> _Exercise brief_
Once the pictures are removed, reproduce what is left of the data below exactly.

*** Data segment Section Begins ***

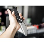 Клинок виготовлений з інструментальної сталі D2 з обробкою Stonewash, що маскує сліди експлуатації. Завдяки системі шарикопідшипників відкриття масивного клинка відбувається плавно, а надійний замок Liner Lock забезпечує фіксацію у відкритому положенні. На обуху розташовані насічки, які продовжуються на руків’ї та забезпечують більш надійний хват під час роботи.
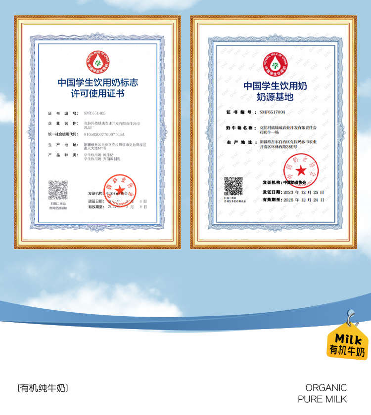 【品名】新疆昭昭牧牧3.8蛋白高钙有机纯牛奶
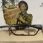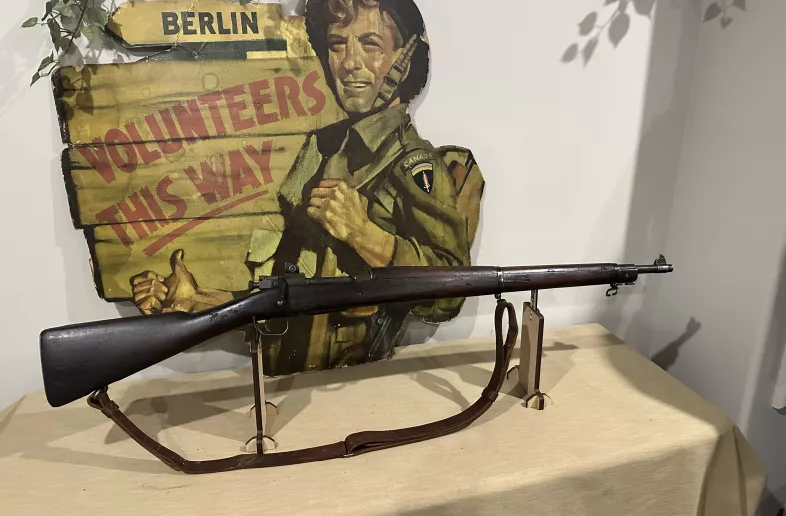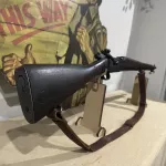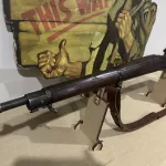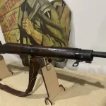 Cal. 30-06. Serial# 4798918. Bbl.24". Marked behind front sight "SC" with a flaming bomb and "10-43." Aperture rear sight graduated to 800 yards. Blade front sight. Swept bolt marked on top of handle "B2" and marking underneath appears as "F." Safety lug is Remington style, as is the bolt shroud. All stamped furniture, including large bow triggerguard and fine checkered trap buttplate. Walnut stock set with two recoil bolts. The grip is marked underneath with encircled "P" proof. Assembly marks are visible ahead of the trigger guard. CONDITION: stock set has a and bruises in its appearance commensurate with extensive service. There are numerous handling marks. The metal retains its original finish with some thinning and wear. Very good, shiny 4-groove bore.

*** Data segment Section Ends ***

> _Exercise solution_
 Клинок виготовлений з інструментальної сталі D2 з обробкою Stonewash, що маскує сліди експлуатації. Завдяки системі шарикопідшипників відкриття масивного клинка відбувається плавно, а надійний замок Liner Lock забезпечує фіксацію у відкритому положенні. На обуху розташовані насічки, які продовжуються на руків’ї та забезпечують більш надійний хват під час роботи.
 【品名】新疆昭昭牧牧3.8蛋白高钙有机纯牛奶
 Cal. 30-06. Serial# 4798918. Bbl.24". Marked behind front sight "SC" with a flaming bomb and "10-43." Aperture rear sight graduated to 800 yards. Blade front sight. Swept bolt marked on top of handle "B2" and marking underneath appears as "F." Safety lug is Remington style, as is the bolt shroud. All stamped furniture, including large bow triggerguard and fine checkered trap buttplate. Walnut stock set with two recoil bolts. The grip is marked underneath with encircled "P" proof. Assembly marks are visible ahead of the trigger guard. CONDITION: stock set has a and bruises in its appearance commensurate with extensive service. There are numerous handling marks. The metal retains its original finish with some thinning and wear. Very good, shiny 4-groove bore.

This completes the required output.